ORBITINDONESIA.COM — Perdana Menteri baru Jepang, Sanae Takaichi, mengatakan ia ingin mengadakan pertemuan puncak dengan pemimpin Korea Utara, Kim Jong Un – sesuatu yang belum pernah dilakukan oleh pemimpin Jepang mana pun dalam lebih dari 20 tahun.

“Kami telah menyampaikan kepada Korea Utara keinginan kami untuk mengadakan pertemuan puncak,” kata Takaichi, Senin, 3 November 2025, dalam sebuah demonstrasi menuntut pengembalian warga negara Jepang yang diculik oleh Korea Utara beberapa dekade lalu.

Isu ini merupakan salah satu titik masalah yang belum terselesaikan antara kedua negara tetangga yang dipisahkan oleh laut, yang sejarah panjang penjajahan dan konfliknya telah menggagalkan upaya-upaya perundingan bilateral sebelumnya.

“Saya ingin para pemimpin saling berhadapan secara langsung dan mencapai hasil yang konkret,” kata Takaichi. “Saya bertekad untuk memecahkan masalah ini dan menyelesaikannya selama masa jabatan saya.”

Jepang mengatakan setidaknya 17 warganya diculik oleh agen-agen Korea Utara pada akhir tahun 1970-an dan 1980-an.

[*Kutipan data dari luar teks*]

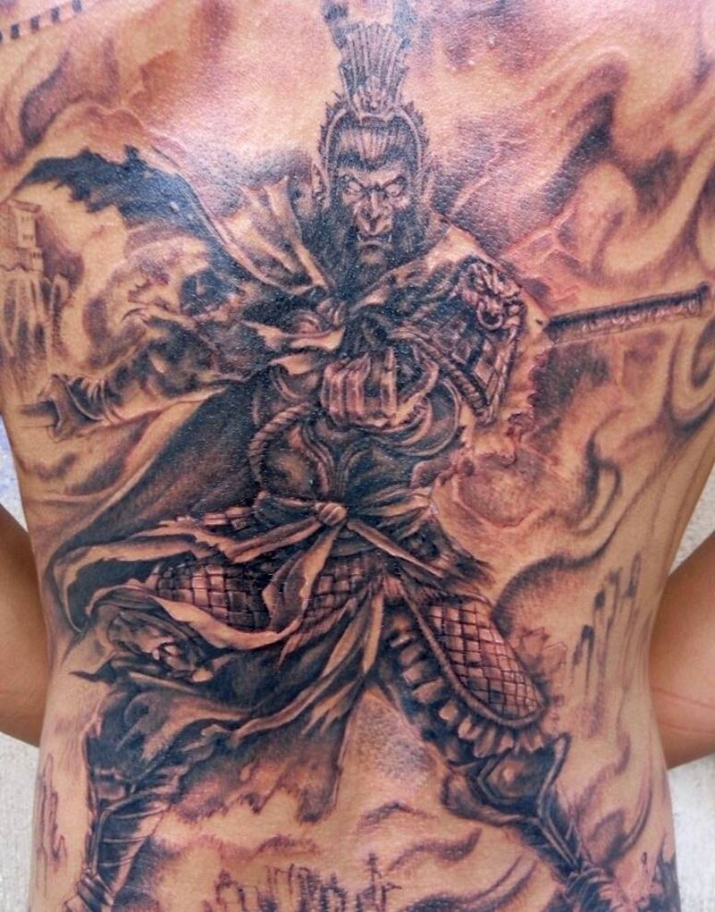 满背大圣纹身图片_背部传统宗教成品纹身图案
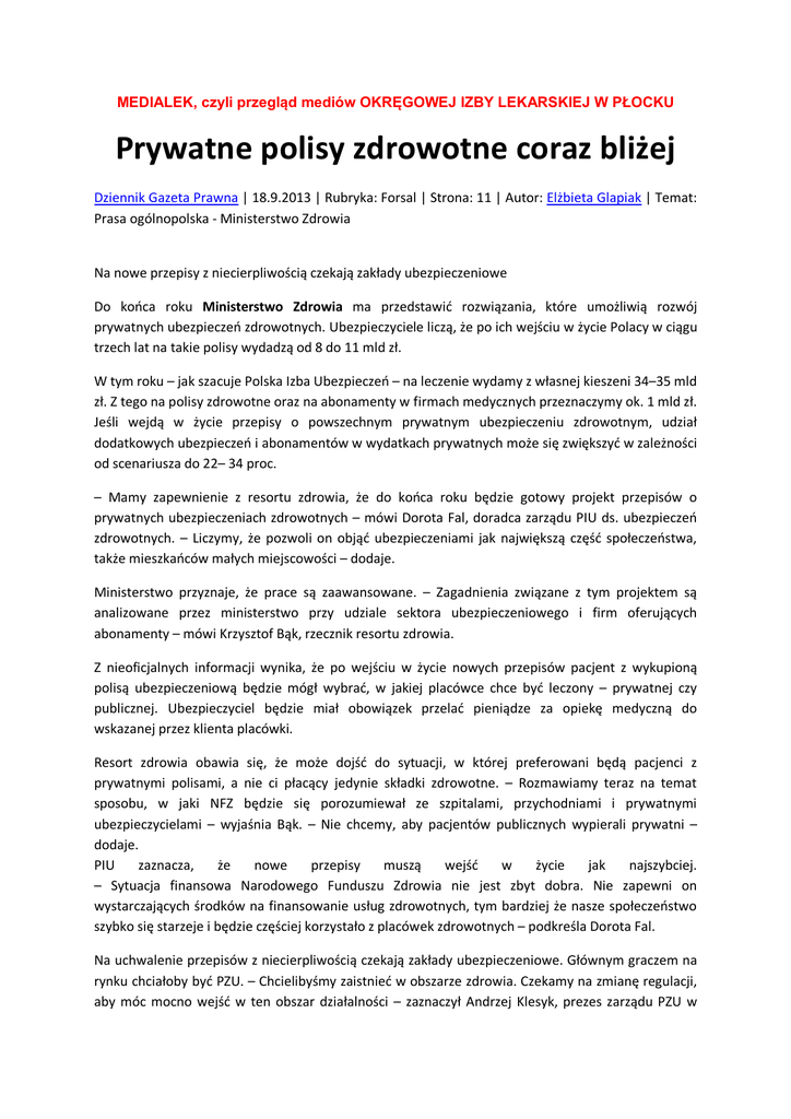 MEDIALEK, czyli przegląd mediów OKRĘGOWEJ IZBY LEKARSKIEJ W PŁOCKU Prywatne polisy zdrowotne coraz bliżej Dziennik Gazeta Prawna | 18.9.2013 | Rubryka: Forsal | Strona: 11 | Autor: Elżbieta Glapiak | Temat: Prasa ogólnopolska - Ministerstwo Zdrowia Na nowe przepisy z niecierpliwością czekają zakłady ubezpieczeniowe Do końca roku Ministerstwo Zdrowia ma przedstawić rozwiązania, które umożliwią rozwój prywatnych ubezpieczeń zdrowotnych. Ubezpieczyciele liczą, że po ich wejściu w życie Polacy w ciągu trzech lat na takie polisy wydadzą od 8 do 11 mld zł. W tym roku – jak szacuje Polska Izba Ubezpieczeń – na leczenie wydamy z własnej kieszeni 34–35 mld zł. Z tego na polisy zdrowotne oraz na abonamenty w firmach medycznych przeznaczymy ok. 1 mld zł. Jeśli wejdą w życie przepisy o powszechnym prywatnym ubezpieczeniu zdrowotnym, udział dodatkowych ubezpieczeń i abonamentów w wydatkach prywatnych może się zwiększyć w zależności od scenariusza do 22– 34 proc. – Mamy zapewnienie z resortu zdrowia, że do końca roku będzie gotowy projekt przepisów o prywatnych ubezpieczeniach zdrowotnych – mówi Dorota Fal, doradca zarządu PIU ds. ubezpieczeń zdrowotnych. – Liczymy, że pozwoli on objąć ubezpieczeniami jak największą część społeczeństwa, także mieszkańców małych miejscowości – dodaje. Ministerstwo przyznaje, że prace są zaawansowane. – Zagadnienia związane z tym projektem są analizowane przez ministerstwo przy udziale sektora ubezpieczeniowego i firm oferujących abonamenty – mówi Krzysztof Bąk, rzecznik resortu zdrowia. Z nieoficjalnych informacji wynika, że po wejściu w życie nowych przepisów pacjent z wykupioną polisą ubezpieczeniową będzie mógł wybrać, w jakiej placówce chce być leczony – prywatnej czy publicznej. Ubezpieczyciel będzie miał obowiązek przelać pieniądze za opiekę medyczną do wskazanej przez klienta placówki. Resort zdrowia obawia się, że może dojść do sytuacji, w której preferowani będą pacjenci z prywatnymi polisami, a nie ci płacący jedynie składki zdrowotne. – Rozmawiamy teraz na temat sposobu, w jaki NFZ będzie się porozumiewał ze szpitalami, przychodniami i prywatnymi ubezpieczycielami – wyjaśnia Bąk. – Nie chcemy, aby pacjentów publicznych wypierali prywatni – dodaje. PIU zaznacza, że nowe przepisy muszą wejść w życie jak najszybciej. – Sytuacja finansowa Narodowego Funduszu Zdrowia nie jest zbyt dobra. Nie zapewni on wystarczających środków na finansowanie usług zdrowotnych, tym bardziej że nasze społeczeństwo szybko się starzeje i będzie częściej korzystało z placówek zdrowotnych – podkreśla Dorota Fal. Na uchwalenie przepisów z niecierpliwością czekają zakłady ubezpieczeniowe. Głównym graczem na rynku chciałoby być PZU. – Chcielibyśmy zaistnieć w obszarze zdrowia. Czekamy na zmianę regulacji, aby móc mocno wejść w ten obszar działalności – zaznaczył Andrzej Klesyk, prezes zarządu PZU w rozmowie z DGP w Krynicy podczas Forum Europejskiego. W ocenie Aleksandry Polakowskiej Szymańskiej, dyrektor departamentu zarządzania produktami grupowymi w Axa Życie, nowe regulacje powinny wreszcie uporządkować rynek polis zdrowotnych, a także doprowadzić do ich rozpowszechnienia. – Szansę zaistnienia na rynku będą miały polisy masowe, wtedy możemy mówić o atrakcyjnym koszcie takiego produktu dla klienta – twierdzi Szymańska.
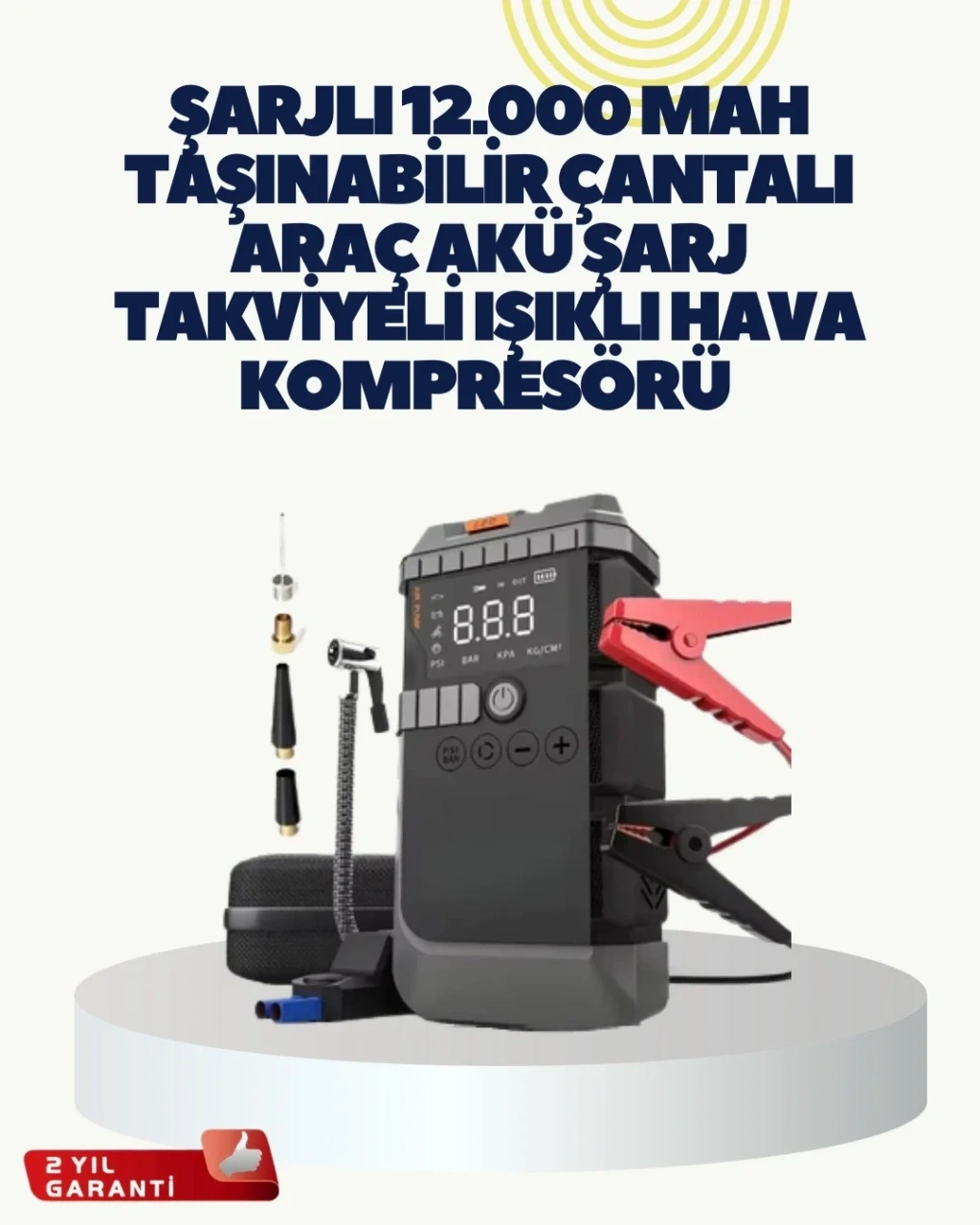 Çok fonksiyonlu yapısı ile öne çıkan bu taşınabilir araç yardım ünitesi, sürüş güvenliğini artırmak ve yolculuk sırasında yaşanabilecek beklenmedik durumlara karşı hazırlıklı olmak isteyen kullanıcılar için geliştirilmiştir. Akü takviye özelliği sayesinde araç aküsünün zayıfladığı veya tamamen bittiği durumlarda hızlı müdahale imkânı sunar. Yüksek performanslı bataryası, zorlu hava koşullarında dahi güvenilir bir kullanım sağlar. Kompakt boyutları sayesinde araç içinde fazla yer kaplamadan taşınabilir ve her an kullanıma hazır tutulabilir.Dijital hava kompresörü, sadece araç lastikleri için değil, bisiklet, motosiklet ve çeşitli şişirilebilir ekipmanlar için de pratik bir çözüm sunar. Basınç ayarlama ve otomatik durdurma fonksiyonları, kullanıcı hatalarını minimize ederek güvenli bir deneyim sağlar. Dijital ekran, ölçüm değerlerinin kolayca okunmasına olanak tanır ve lastik bakımını zahmetsiz hale getirir. Powerbank özelliği, yolculuk sırasında telefon, tablet ve benzeri cihazların şarj edilmesine olanak tanıyarak sürücünün bağlantıda kalmasını sağlar.LED aydınlatma sistemi, karanlık ortamlarda görüşü artırırken aynı zamanda acil durumlarda fark edilmenizi kolaylaştırır. Uzun pil ömrü sayesinde tek şarjla birden fazla işlevi yerine getirebilir. Taşıma çantası ile birlikte sunulan bu cihaz, hem düzenli saklama hem de darbelere karşı koruma sağlar. Günlük kullanımda, uzun yolculuklarda veya kamp ve outdoor aktivitelerinde güvenilir bir yol arkadaşı olarak öne çıkar.
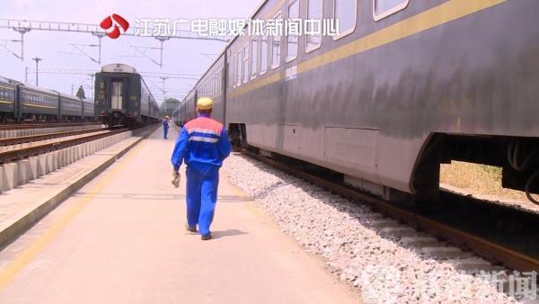 上午十点半,骄阳似火,在泰州火车站列车整备所,几位身穿蓝色长袖的列车调车工正在紧张地工作着。他们在指挥长的统一调配下,将需要检修的车厢摘解,换上检修过的车厢。
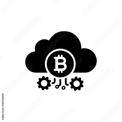 Cloud with Bitcoin Logo and Gears Representing Cloud Mining Services
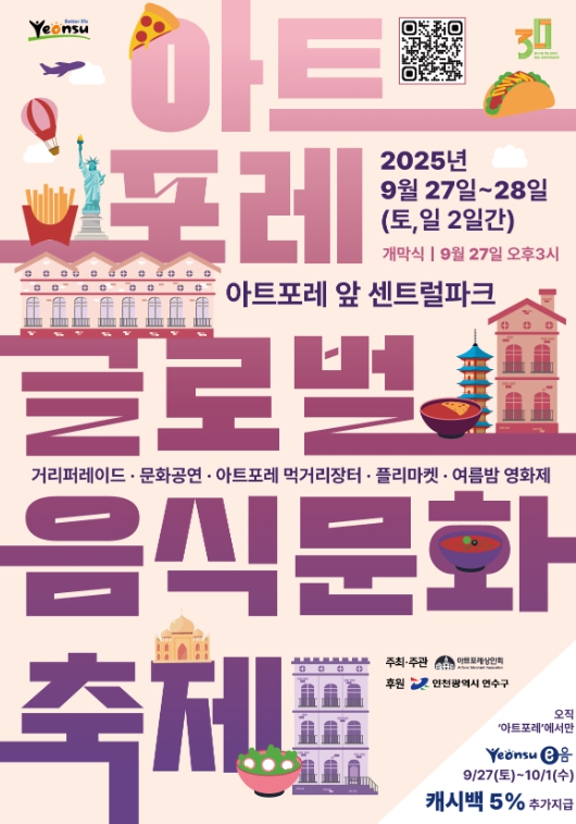 [뉴스앤톡] 연수구는 오는 27일과 28일 양일간 13시에서 18시까지 ‘아트포레 음식특화거리’와 센트럴파크 일원에서 지역 상권 활성화와 글로벌 음식문화 교류를 위한 ‘제1회 아트포레 글로벌 음식문화축제’를 개최한다.
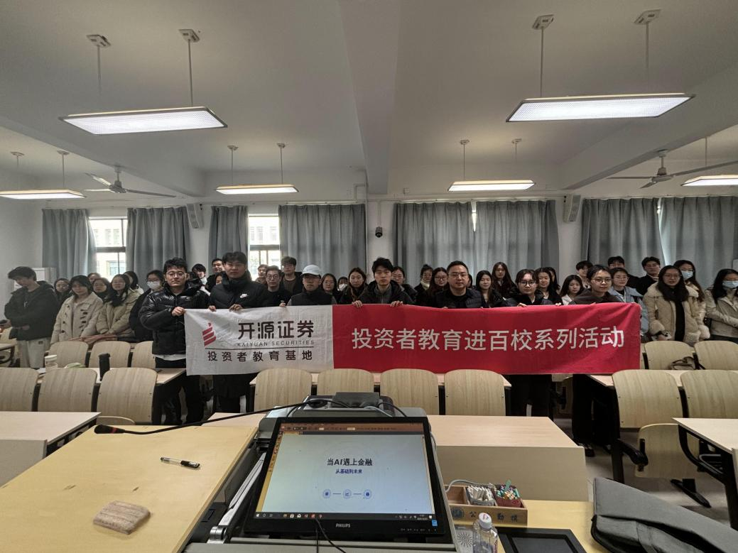 2025年12月23日,开源证券与西北大学联合开设的《证券市场前沿与实务》选修课持续推进,开源证券信息技术中心项目经理利鑫以《当AI遇上金融》为题,为60余名金融专业硕士带来精彩分享,进一步深化投资者教育与高校人才培养的深度融合。
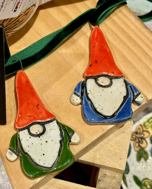 Ceramic Gnome Christmas Holiday Ornament Stoneware Pottery
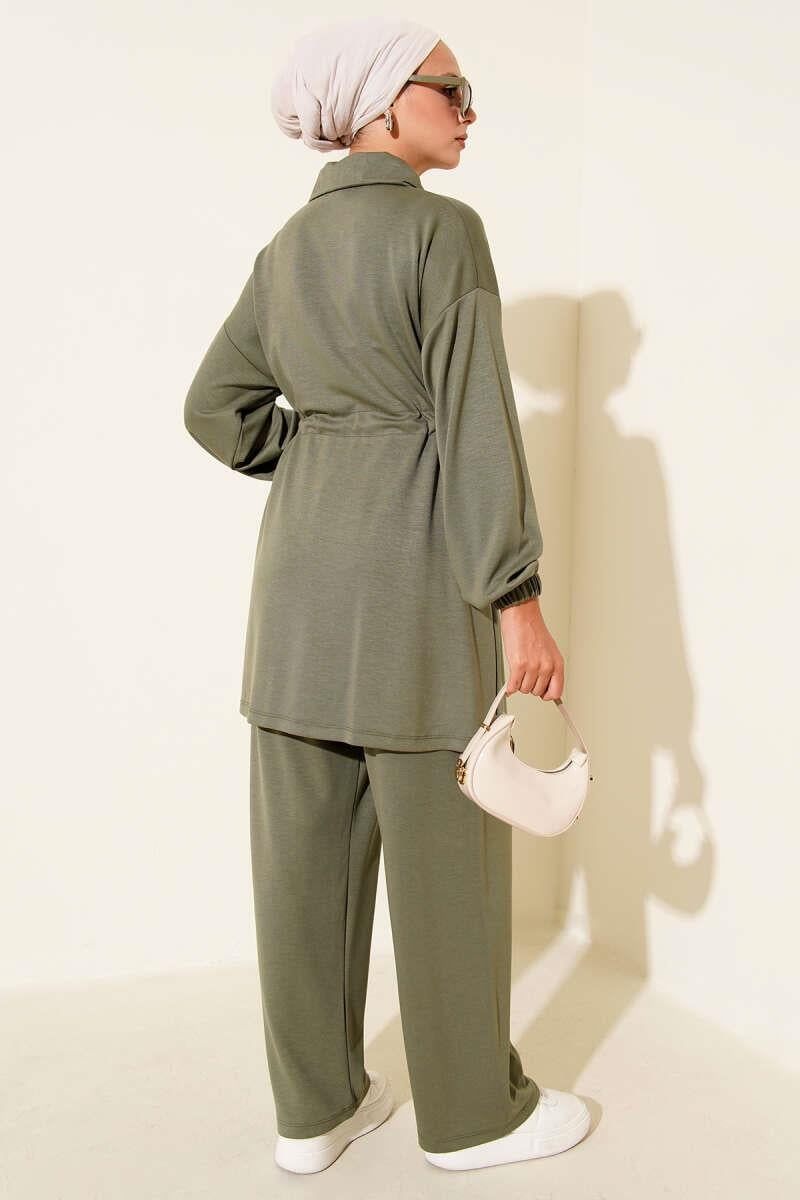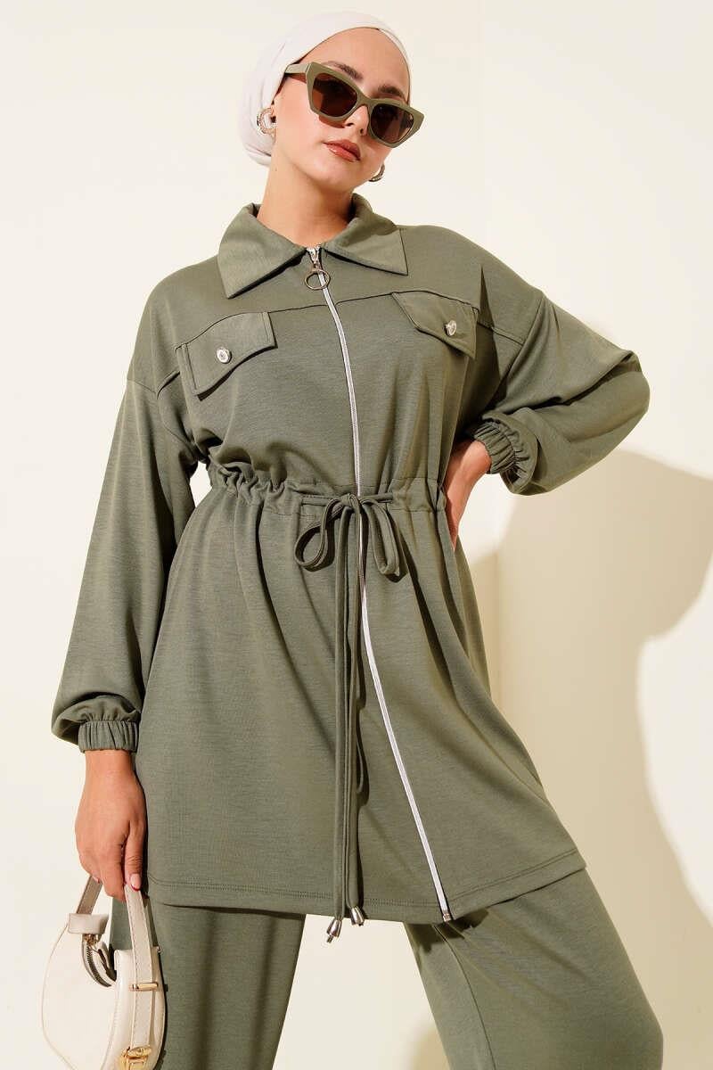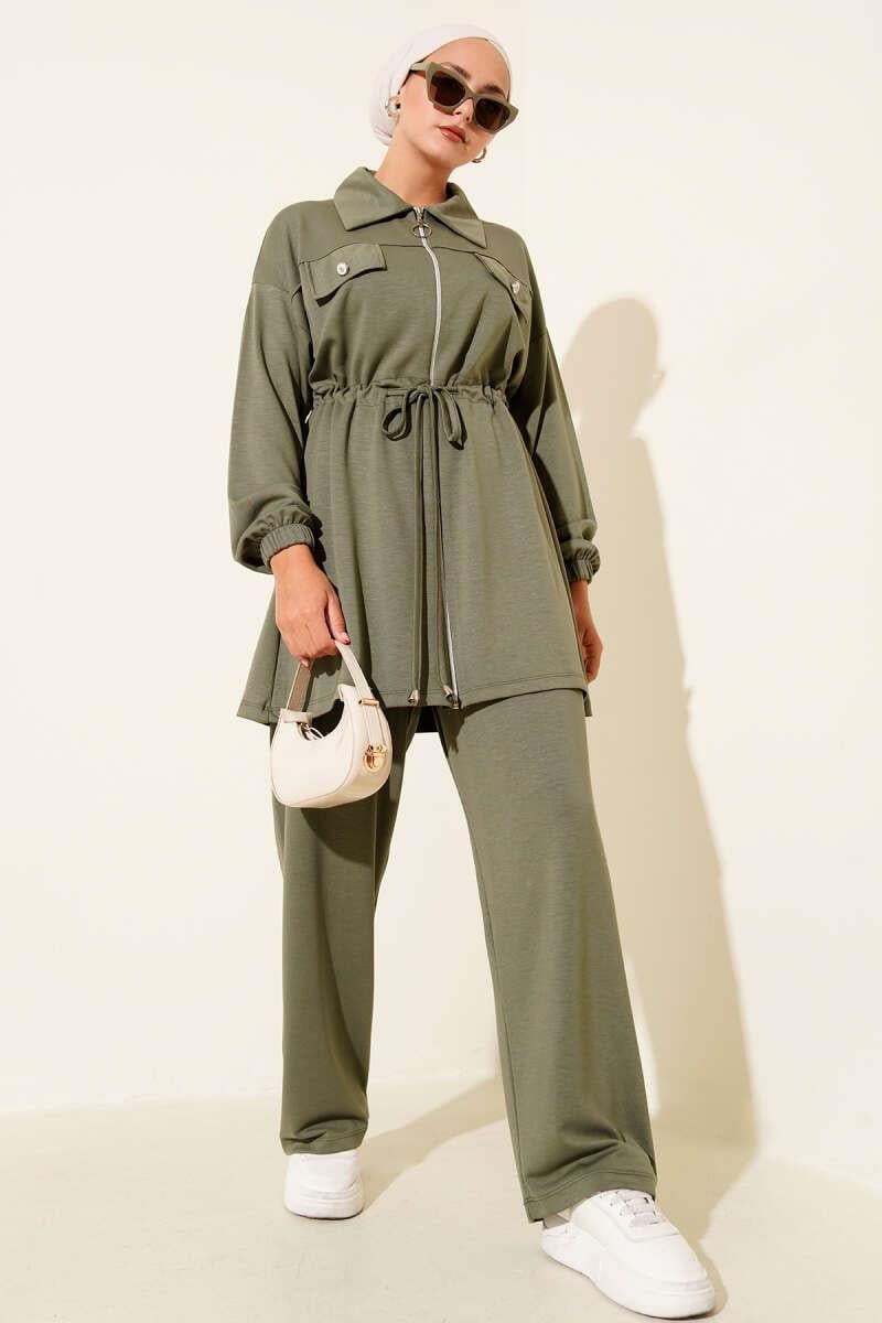 Fake Pocket Zippered Loysha 2 Piece Set, Almond Green (0829-5315-666048)
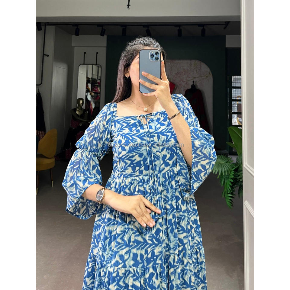 ชุดสีเขียว georgette มีตัวเลือกการพิมพ์ที่หลากหลาย
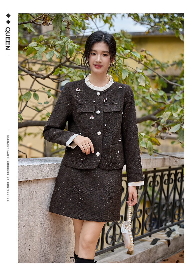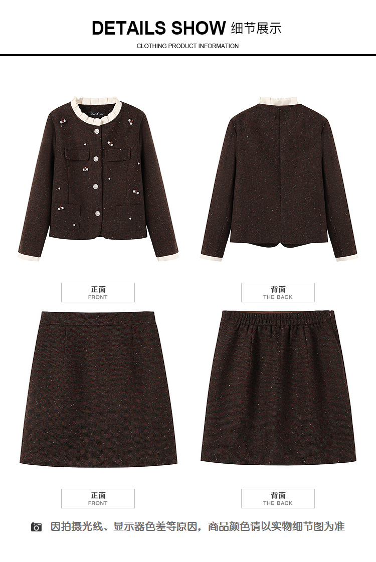 奢姿大码女装2025冬季时尚撞色花边圆领套装胖妹妹气质减龄两件套9954953943

Lima warga negara dipulangkan pada tahun 2002. Penculikan tersebut tampaknya merupakan bagian dari program spionase Korea Utara, menurut laporan PBB tahun 2014.

Pyongyang membantah jumlah total yang diculik dan mengatakan beberapa tewas dalam kecelakaan lalu lintas dan tenggelam, serta bunuh diri, dan menganggap masalah ini telah selesai.

Namun, bagi keluarga korban penculikan Jepang yang masih hilang, beberapa di antaranya masih remaja ketika diculik, belum ada penyelesaian atau kelegaan. Mereka, bersama dengan para pemimpin Jepang yang berganti-ganti selama bertahun-tahun, terus mendesak masalah ini namun belum membuahkan hasil.

Takaichi telah bertemu dengan keluarga korban penculikan dua kali sejak menjabat, termasuk sekali dengan Presiden AS Donald Trump selama kunjungannya ke Jepang. Ia sebelumnya mengatakan bahwa ia berkomitmen untuk menyelesaikan misi mentornya, mantan Perdana Menteri Shinzo Abe, yang memperkenalkan keluarga korban penculikan kepada Trump selama masa jabatan pertama presiden AS tersebut.

Kedua negara mengadakan pertemuan puncak yang belum pernah terjadi sebelumnya pada tahun 2002. Perdana Menteri Jepang saat itu, Junichiro Koizumi, mengunjungi ibu kota Korea Utara, Pyongyang, untuk bertemu Kim Jong Il – ayah dari pemimpin Korea Utara saat itu, Kim Jong Un.

Kunjungan tersebut merupakan kunjungan perdana menteri Jepang pertama ke Korea Utara sejak berakhirnya Perang Dunia II.

Kunjungan tersebut juga merupakan kunjungan pertama Korea Utara yang mengakui perannya dalam penculikan, setelah bertahun-tahun penyangkalan. Kim Jong Il menyampaikan permintaan maaf pada saat itu, dengan mengatakan bahwa agen yang bertanggung jawab telah dihukum, dan berjanji untuk mencegah hal itu terjadi lagi, menurut pernyataan pemerintah Jepang saat itu.

Kelima tahanan tersebut dipulangkan ke Jepang bulan berikutnya dan dipertemukan kembali dengan keluarga mereka – 20 hingga 30 tahun setelah penculikan mereka.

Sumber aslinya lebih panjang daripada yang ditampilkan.